What to do =
Output exactly, and only, the lines below from the one with "야외에서 촬영을 하다" down to the one with "فستان بدون أكمام بطبعات زهور". Include both end lines and no pictures.

Source records =
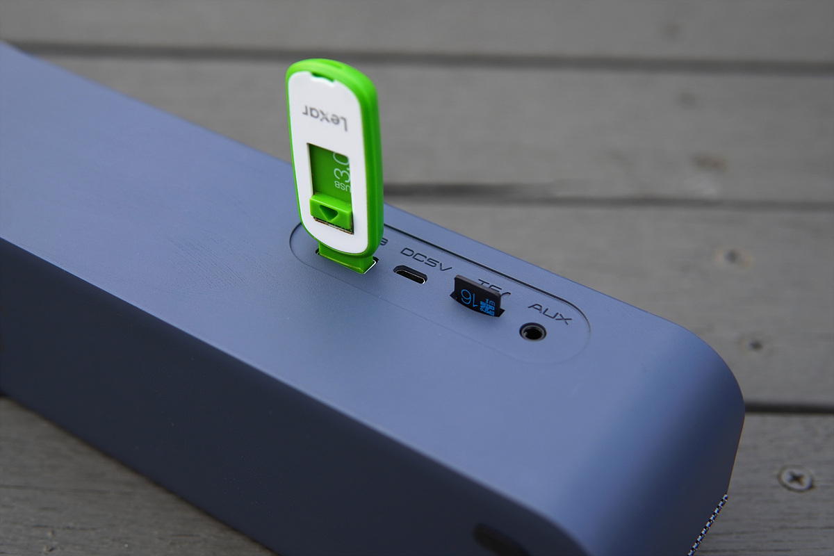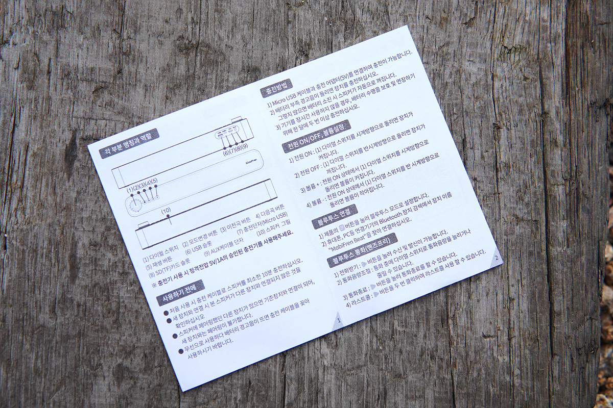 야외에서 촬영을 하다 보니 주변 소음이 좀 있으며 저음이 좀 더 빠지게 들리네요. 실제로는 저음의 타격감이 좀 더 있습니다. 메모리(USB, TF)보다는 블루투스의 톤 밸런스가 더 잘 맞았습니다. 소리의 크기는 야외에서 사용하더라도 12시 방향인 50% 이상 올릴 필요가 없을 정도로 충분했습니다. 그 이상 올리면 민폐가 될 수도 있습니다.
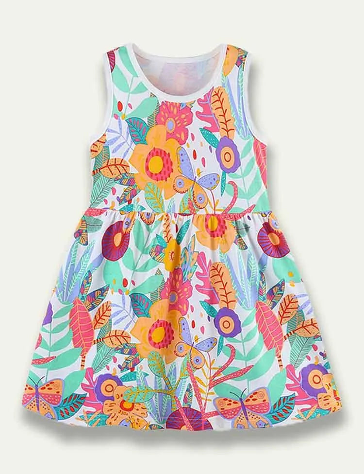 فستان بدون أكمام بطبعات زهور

==

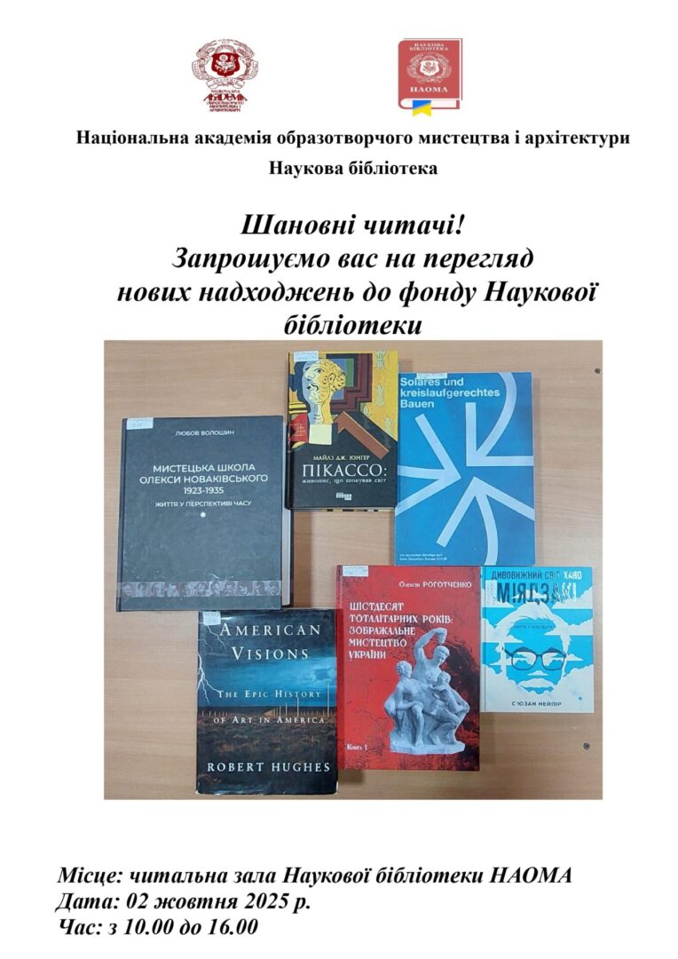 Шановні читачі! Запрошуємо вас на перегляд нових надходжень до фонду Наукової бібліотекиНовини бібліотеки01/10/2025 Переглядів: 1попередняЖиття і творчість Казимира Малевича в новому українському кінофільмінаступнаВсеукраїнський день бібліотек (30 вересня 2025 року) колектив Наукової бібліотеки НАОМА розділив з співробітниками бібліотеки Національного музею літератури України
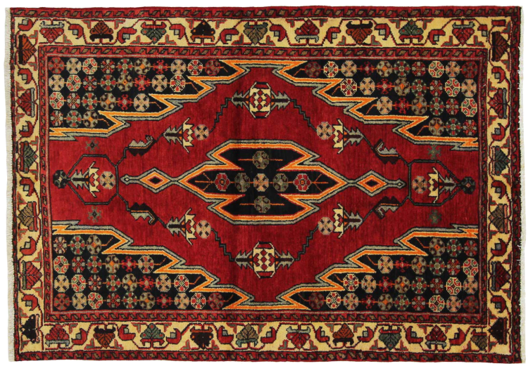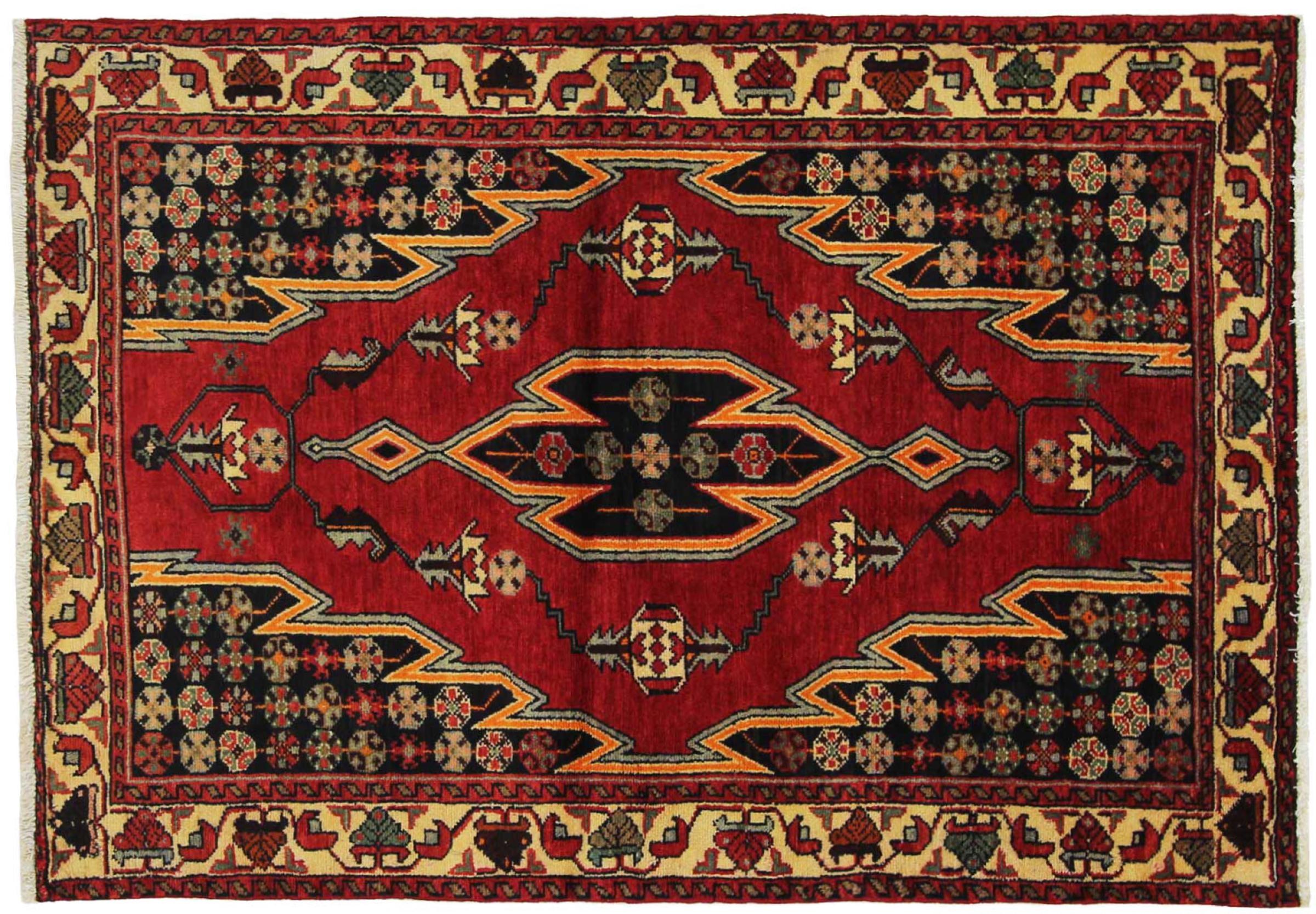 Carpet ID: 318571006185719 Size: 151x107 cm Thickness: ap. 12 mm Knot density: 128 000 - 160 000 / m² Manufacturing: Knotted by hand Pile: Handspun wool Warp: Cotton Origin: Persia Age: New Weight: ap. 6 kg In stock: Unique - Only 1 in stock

Result =
 야외에서 촬영을 하다 보니 주변 소음이 좀 있으며 저음이 좀 더 빠지게 들리네요. 실제로는 저음의 타격감이 좀 더 있습니다. 메모리(USB, TF)보다는 블루투스의 톤 밸런스가 더 잘 맞았습니다. 소리의 크기는 야외에서 사용하더라도 12시 방향인 50% 이상 올릴 필요가 없을 정도로 충분했습니다. 그 이상 올리면 민폐가 될 수도 있습니다.
 فستان بدون أكمام بطبعات زهور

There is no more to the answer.